Tuttolibri de  “La Stampa”, sabato 17 Aprile 2004

 

Seminando figli lo zingaro si vendica

 


Bruno Quaranta

 

 

C‘è  una fotografia inizio   Anni   Cin­quanta che ritrae Pinot Gallizio lun­go il Tanaro, in mezzo agli zinga­ri. Il pittore antipittore albese (ovvero la dissimmetria) si mo­strava così solidale verso i noma­di, a cui un decreto vietava la sosta  nella   città   dei  ventitré giorni.

Quell'immagine è fra le possibi­li fonti di il seminatore, primo, intonato romanzo di Mario Cava­tore. Un Faussone di Cuneo, se, come la scheda biografica ricorda, fu operaio, tecnico del suono (c'è il suo autografo nel concerto d'esor­dio di Paolo Conte), artigiano.

Fra le Langhe che non si perdo­no di pavesiana memoria (c'è una asprezza, una spigolosità pavesia­na in questo «gettone») e la Sviz­zera Mario Cavatore tende la drammatica corda. Secondo Mat-teo 13, 3-13, l'evangelico passo che rintocca di pagina in pagina, II seminatore è una parabola.

«Per questo parlo loro in parabo­le, perché, vedendo, non vedono; e udendo, non odono né compren­dono».

Che cosa non vedono, non odono, non comprendono? Lo stesso Cavatore spiega di aver fatto la scoperta nel 1999, leggen­do «Le Monde Diplomatique», un articolo sull'Opera di Soccorso «Kinder der Landstrasse». «Figlia­ta» dalle teorie eugenetiche -volte a migliorare la specie, la «razza» umana, come non evoca­re il nazismo? - l'Opera sottraeva i bambini jenisch (zingari) alle famiglie d'origine quindi educan­doli (rieducandoli), trasformando­li in cittadini «perbene».
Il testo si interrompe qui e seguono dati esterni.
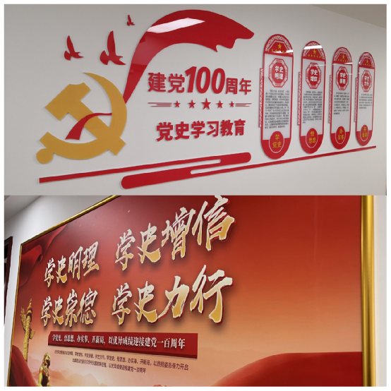学习党史,是我们坚持和发展中国特色社会主义、把党和国家各项事业继续推向前进的必修课,光大科技有限公司大力推进党史学习教育的工作,将党史文化绘上墙,让墙壁“会说话”。在办公区楼道内布置别具一格的党史展板,以生动活泼的方式促进党员、群众“学史明理、学史增信、学史崇德、学史力行”。百年建党路,艰苦铸辉煌,通过党的历史激励员工、传递优良传统,汲取继续奋进的智慧与力量。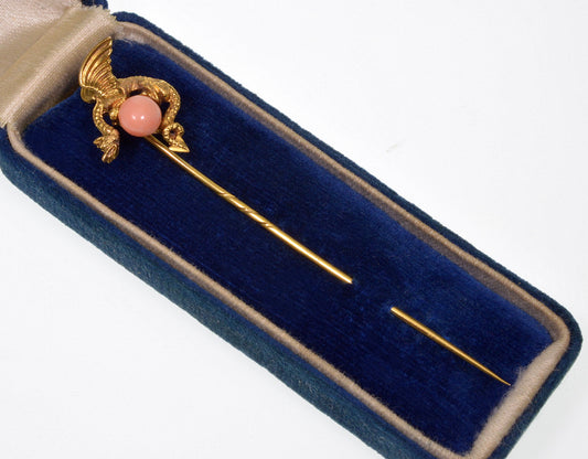Antique Art Nouveau 14K Gold Dragon Gargoyle Stick Pin C.1900

Ma non erano (non sono) gli zingari i ladri di bambini? Mario Cavatore «narra» una trista, di­versa verità. Il «seminatore» si chiama Lubo. E' in caserma - sta svolgendo il servizio militare -quando subisce il sopruso. I figli rapiti, la moglie Mirana, che cerca di opporsi alla polizia prodi­toriamente apparsa nell'accam­pamento, uccisa. «Il giudice ave­va decretato che, per il loro bene,

non dovevano restare con gli zingari, dovevano essere allevati in condizioni igieniche e morali adeguate».
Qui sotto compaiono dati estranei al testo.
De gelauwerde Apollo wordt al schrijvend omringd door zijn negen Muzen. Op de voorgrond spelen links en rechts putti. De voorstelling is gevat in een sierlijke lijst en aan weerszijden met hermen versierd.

«Mirana era morta innocente, e con lei era morta la pietà». Mirana appare in sogno a Lubo, indicandogli la via: «Vai e semi­na, ama tutte le donne in me, e me in tutte loro». Ed egli sedurrà e feconderà duecento volte, asper­gendo il sangue «infetto». Non prima di cambiare identità, carpi­ta a un commerciante indiano (abiti, documenti, tesoro) taglian­dogli la gola e la testa (c'è, nel Seminatore, un senso fenogliano dell'azione).

Fra le donne ingravidate da Lubo, Margherita, cameriera in un albergo, rifugiatasi con il mari­to (entrambi originari dell'Alta Langa) in Svizzera nel '41, «per lavorare e per scappare dal fasci­smo e dalla guerra», in seguito dal marito abbandonata, forse «una questione di corna». Dallo zingaro - lo straniero «con denti magnifici, bianchissimi, e due canini d'oro, che suonava benissi­mo la chitarra» - Margherita avrà Hugo, il fratellastro di Hans.

Siamo a Lugano, a poco a poco Mario Cavatore disvela la tela «Kinder der Landstrasse», una mostruosa paideia, fra riunioni d'altetica, campi estivi, ritiri spi­rituali, festini «con musica, liquo­ri, dolci, e soprattutto sesso», il trionfo della pedofilia. Un mondo corrotto che potrebbe deflagrare se solo il commissario Motti, venuto in possesso di fotografie che smascherano tanti maggio­renti della Lugano bene, non le bruciasse. Perché? L'«orso», la «Bestia» che si nasconde nello stesso investigatore, lo esige? Nel­la lettera che invia al giudice -una disquisizione intorno alla legge e alla giustizia - come non scorgere, nitida, l'orma di Dùrrenmatt, gli interrogativi intorno ai quali lo scrittore svizzero magi­stralmente vagò? «Chi è colpevo­le? Chi dà l'incarico o chi l'accet­ta? Chi vieta o chi non osserva il divieto? Chi emana le leggi o chi le infrange? Chi concede la liber­tà o chi la sente? Stiamo morendo di quella libertà che concediamo e che ci concediamo».